Der erste Job ist der nächste große Schritt für dich als frischgebackener Hochschulabsolvent. Du stellst dir die Frage, ob vielleicht ein Traineeship zu dir passen würde und suchst nach dem perfekten Job, um endlich dein gesamtes Wissen aus der Uni im Berufsleben anwenden zu können? Wie du den Berufseinstieg nach dem Studium am besten meisterst, haben wir in einem separaten Artikel für dich nochmal festgehalten. Wie du dich auf den Job dann auch bewirbst, zeigen wir dir hier.

Die Bewerbung um eine Stelle als Trainee oder Berufseinsteiger ist allerdings gar nicht so einfach und du musst auf einige Dinge achten. Wenn du bisher noch wenig Erfahrung beim Erstellen eines Lebenslaufs oder eines Motivationsschreibens hast, kann so einiges schief gehen. Damit dir das nicht passiert, helfen wir dir mit dieser Anleitung, alles richtig zu machen.

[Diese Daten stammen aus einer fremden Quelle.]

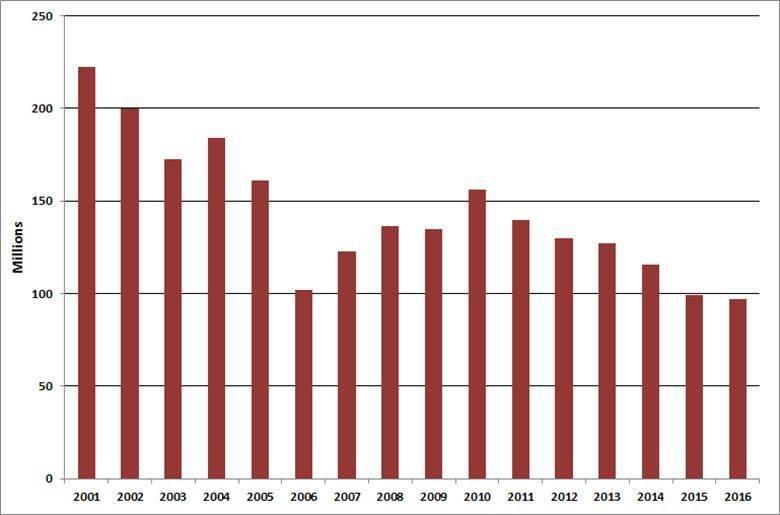 Bar graph showing cigarette sales in Ontario from 2001 to 2021. Cigarette unit sales declined from 17.6 billion in 2001 to 7.4 billion in 2021.
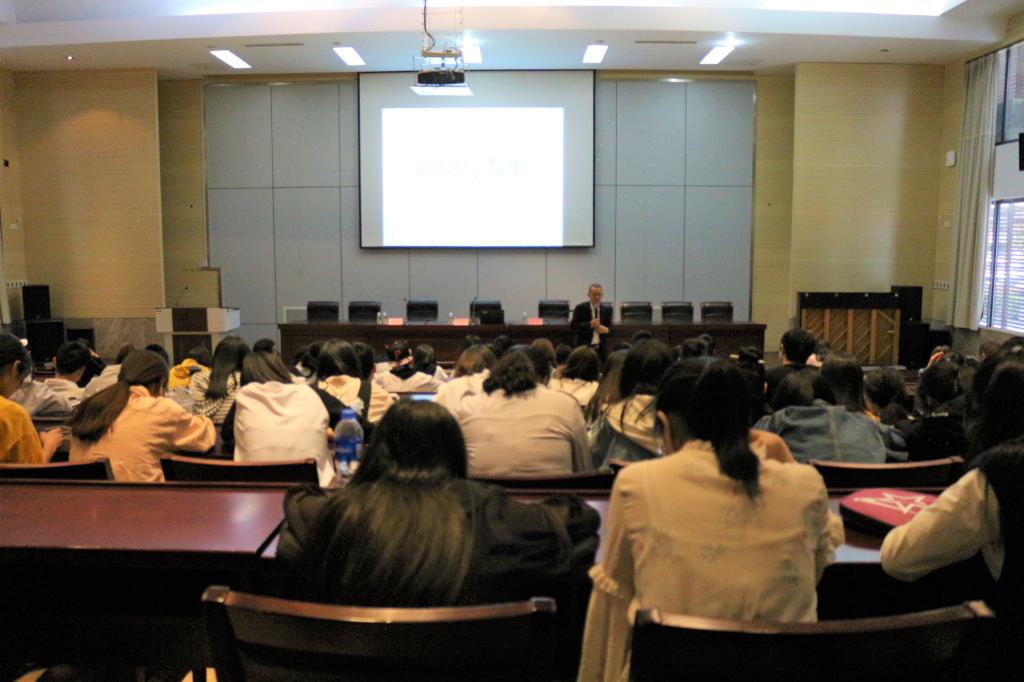 张晓程总经理结合自身经历与同学们分享职场中的经验,从第一份工作的重要性,对职业、职场积极心态的重要性,到职场选择的重要性,有什么样的选择,就有什么样的人生。鼓励同学尽早合理规划职业和人生目标,不断追求,挑战自我,实现自我。
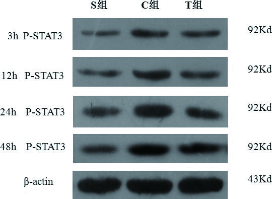 S组小肠黏膜p-STAT3在各时间点的蛋白表达均无明显差别,C组和T组在12 h、24 h、48 h的p-STAT3蛋白表达均高于S组,随时间延长C组p-STAT3的表达逐渐升高,T组各时间点表达趋势同C组,但表达水平相对较低,见表 4、图 3。
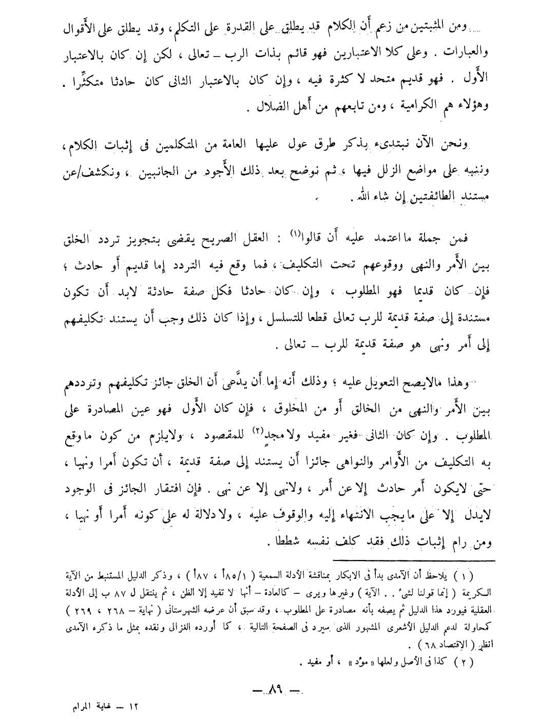 وَنحن الْآن نبتدئ بِذكر طرق عول عَلَيْهَا الْعَامَّة من الْمُتَكَلِّمين فِي إِثْبَات الْكَلَام وننبه على مَوَاضِع الزلل فِيهَا ثمَّ نوضح بعد ذَلِك الاجود من الْجَانِبَيْنِ ونكشف عَن مُسْتَند الطَّائِفَتَيْنِ إِن شَاءَ الله
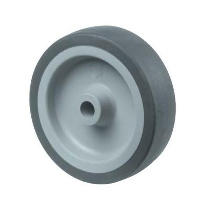 Ruota in plastica con fascia in gomma D.50mm senza supporto. Compatta per piccoli carrelli e mobili leggeri.
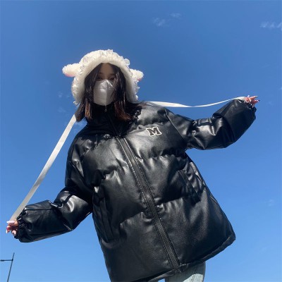 아메리칸 거리 PU 가죽 면 의류 여성 가을 겨울철 두꺼운 센스 작은 대중 목화 진딧물 패딩 재킷 여성 의류 오토바이 재킷 트렌드
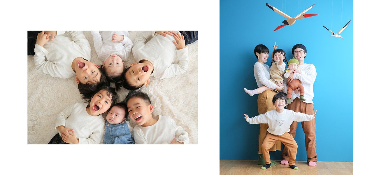 マタニティ・お宮参り・ハーフバースデー・誕生日・七五三・入学・卒業といったライフイベントの記念はもちろん、特別な日ではなくても、毎年の成長の記録にご来店いただけるフォトスタジオ。撮った写真も、ハピスタで過ごす時間もずっと家族の思い出になるようにと考えながら撮影を行っています。
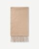 Tørklæde med frynser i kanterne. Broderet Samsøe Samsøe-logo i siden. Hovedmaterialet er fremstillet i en blanding af genanvendt uld og genanvendt kashmir. Fremstillet i Italien.
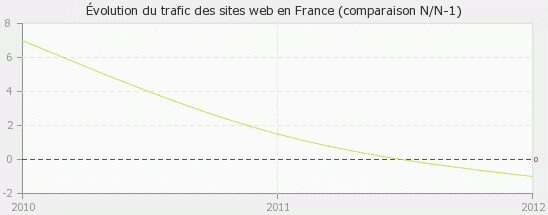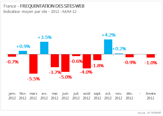 Sur l’année, le trafic des sites web en France est donc en baisse de 1%. C’est la première fois que ce phénomène se produit, mais la tendance n’est pas toute à fait nouvelle. En 2011, la hausse du trafic ne s’est établie qu’à 1,5% sur l’année, du fait d’un recul des visites au second semestre. En 2010, la croissance du trafic web en France avoisinait les 7%.
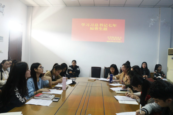 会议伊始,陈怡君老师首先与大家分享了她阅读《习近平的七年知青岁月》后的体会。她从书中概诉了当代大学生应当如何从实际生活中学习贯彻习总书记七年知青的精神。并从中总结到,作为一名大学生,我们应当做到有追求、能吃苦、爱学习、敢担当,从自身实际出发,做好当职工作。随后由学生党员自由发言,来自15级2班的张玉萍同学对习总书记在知青岁月中坚持阅读学习、与陕北农民同吃同住等行为表达了高度的敬佩。并表示日后在日常生活中也要学习习总书记坚持学习,深入了解群众的精神。
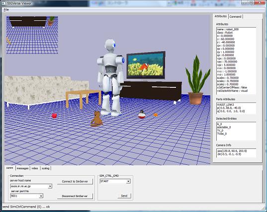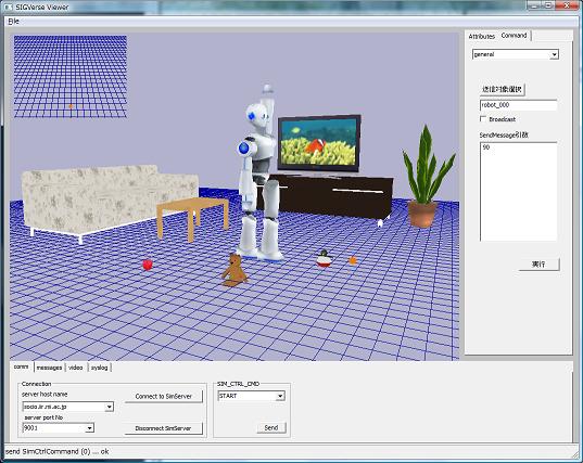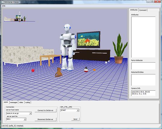 SIGViewerでサーバに接続して、シミュレーションを開始します。リビングルームに立っているヒューマノイドロボット型のエージェントが見えると思います。
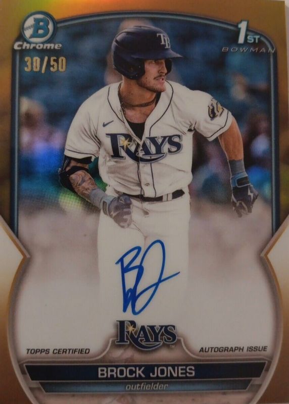 2023 Bowman Chrome Brock Jones 1st Prospect Gold Refractor Auto #07/50 Rays
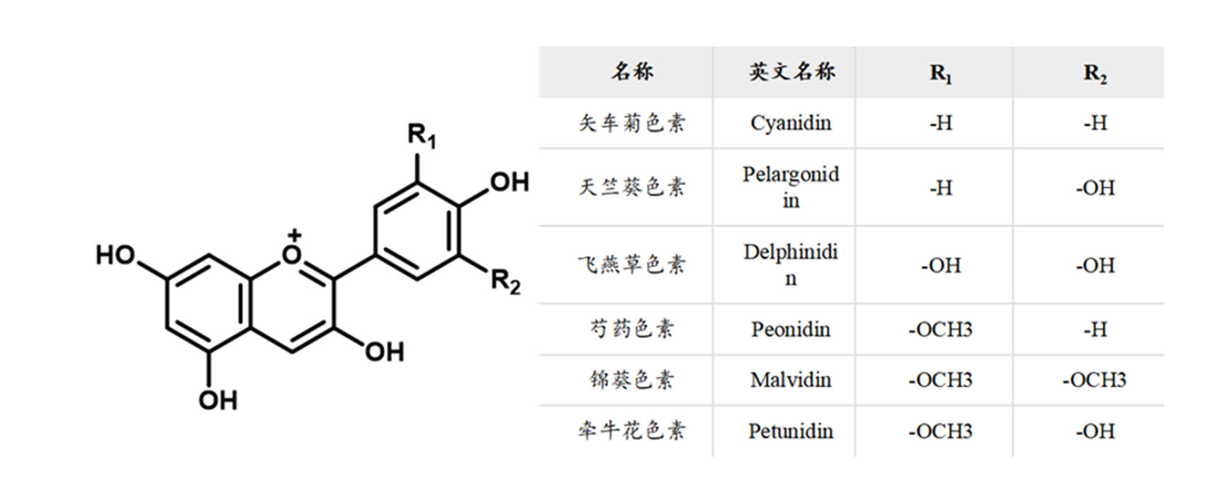 花青素最早由Marguart自矢车菊花瓣中分离获得,其在丙醇、乙醇、甲醇等有机溶剂中均具有良好溶解性。其分子以3,5,7-三羟基-2-苯基苯并吡喃为母核结构,通过羟基等取代基在苯环上的组合变化,衍生出多样化结构类型。[4]现已鉴定的天然花青素超20种,其中矢车菊色素、锦葵色素、芍药色素、天竺葵色素、飞燕草色素与牵牛花色素这六类占比超过自然界总量的90%,构成了植物显色的核心组分,如图1所示。
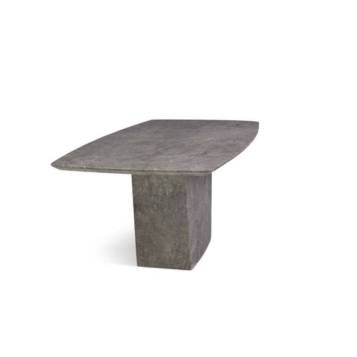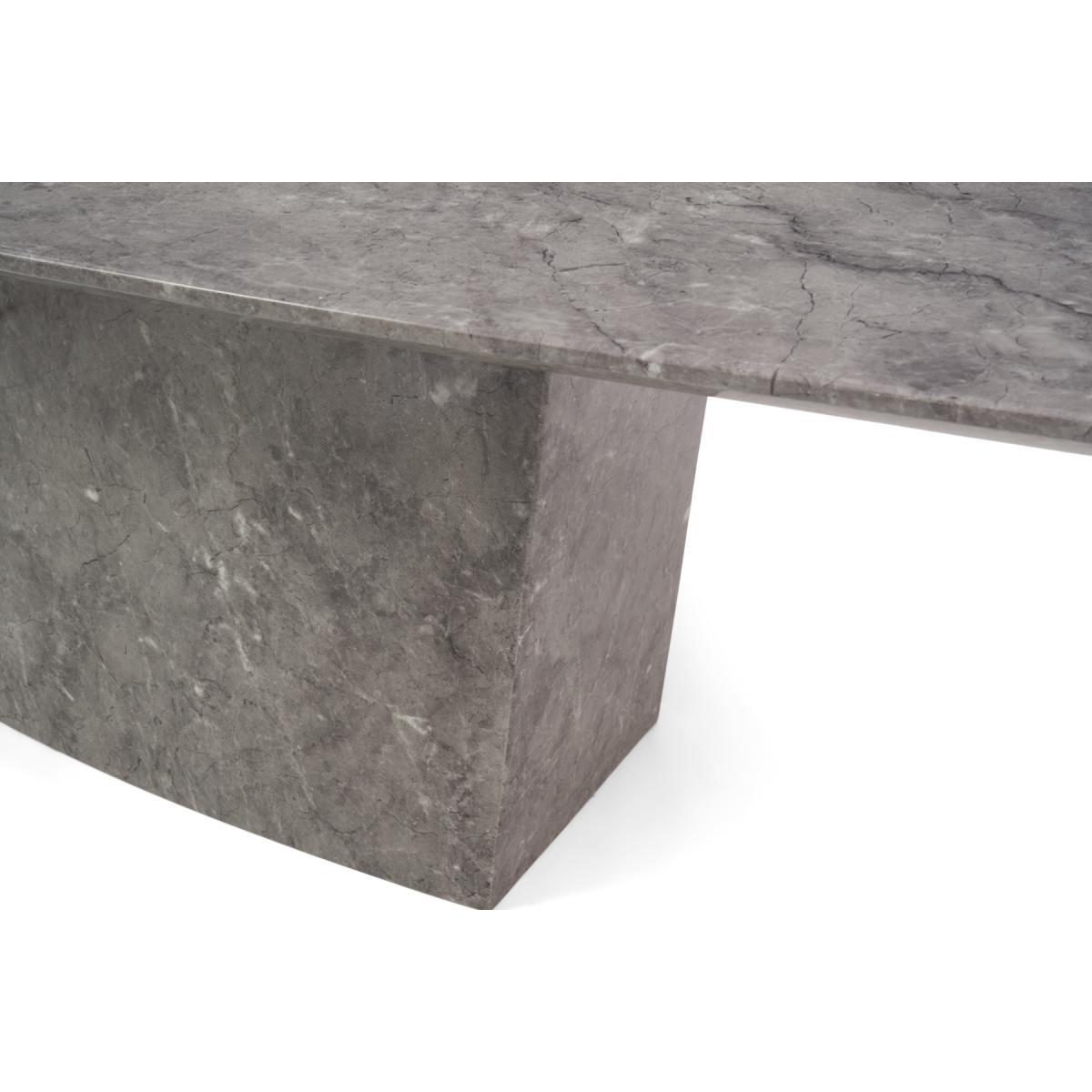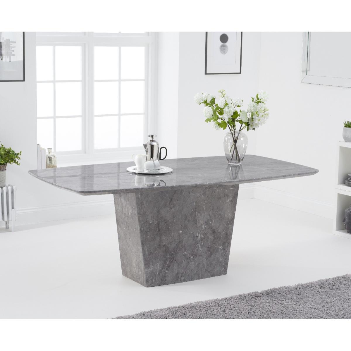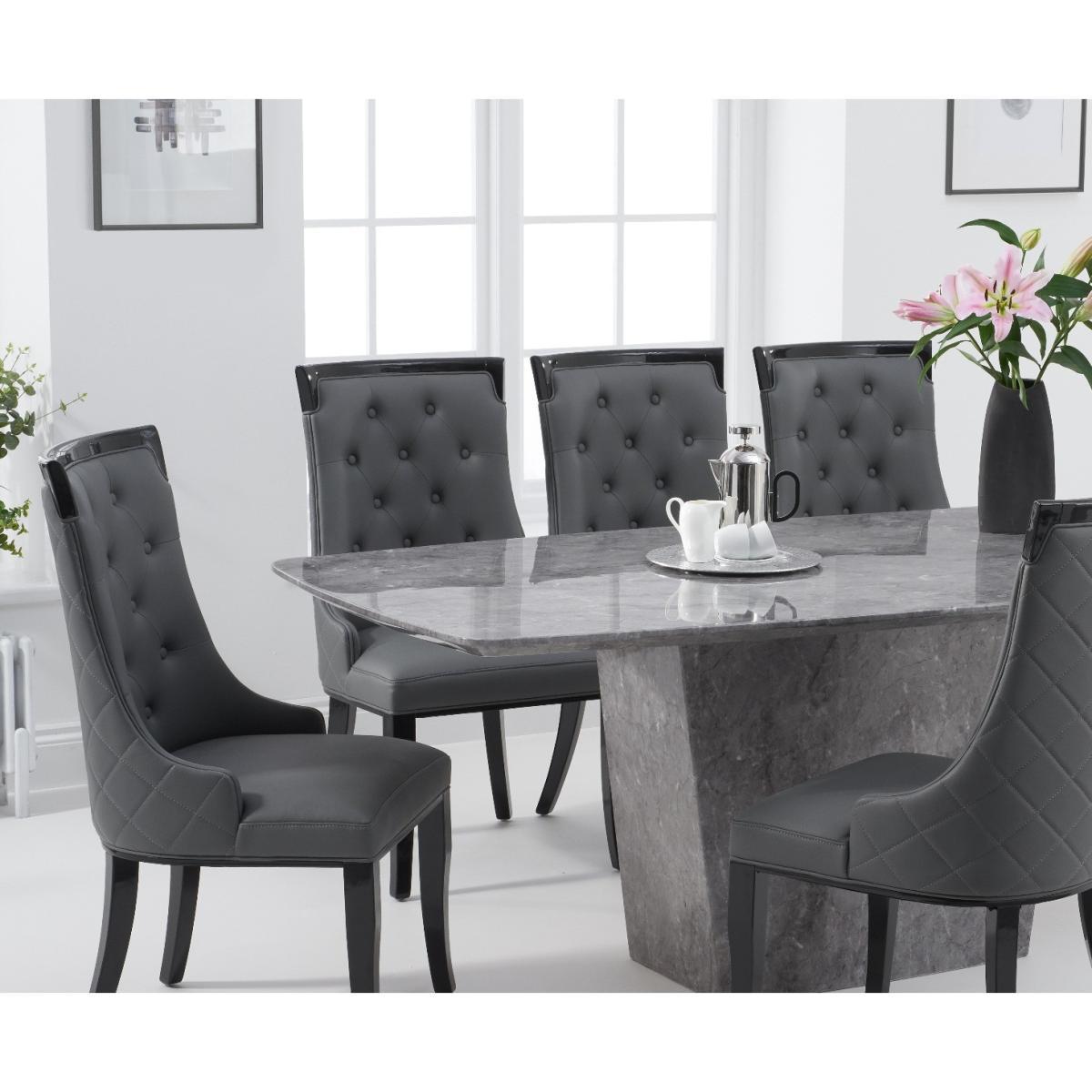 Clean, minimal and angular in design, the gorgeous grey-toned Marble Francesca Table is a luxurious and contemporary piece. Sleek and statement in its large 200cm length, with a glossy marble table top with sharp tapered edges, and a sturdy pedestal base. Ideal for luxurious dining in larger family homes. Styled as a striking set with the faux leather Angelica Chairs, with their vintage-look design, faux leather upholstery, button accents and dark wood frames. Minimal but striking, bold and timeless in design. Marble is robust and durable. Large and luxurious for bigger, stylish dining spaces. Faux leather is luxe and easy to wipe clean. Also available: Francesca 200cm Light Grey Marble Dining Table with Freya Chairs, Verbier Chairs, Raphael Chairs, Knightsbridge Chairs and Hampstead Chairs Additional Measurements:Underside of Table Top to Floor Height:72.5cm Pedestal Length:68.5cm Pedestal Depth:35cm.

Dann klappt es auch sicher mit deinem anstehenden Berufseinstieg!

Ein Schritt vor dem Antreten deines Jobs oder Trainees musst du höchstwahrscheinlich ein Bewerbungsgespräch antreten. Das sollte mit einer frühzeitigen Vorbereitung jedoch ein Klacks für dich sein. Wir haben dir eine Checkliste zusammengestellt, die die wichtigsten Punkte für dich zum Üben beinhaltet.

 

Das Bewerbungsschreiben für den Berufseinstieg

Am Anfang einer Bewerbung steht immer das Anschreiben. Darin erläuterst du dein Anliegen und gibst dem Personaler einen ersten groben Überblick über deine Bewerbungsunterlagen. Für ihn sind die ersten Sekunden entscheidend, da er mit einem Blick auf das Format, die Struktur und die ersten Sätze schon aussortiert und abwägt, ob du für die Anstellung in Frage kommst oder nicht. Du fragst dich jetzt sicher: “Hilfe! Wie mache ich das am besten?” Keine Panik, wir helfen dir dabei.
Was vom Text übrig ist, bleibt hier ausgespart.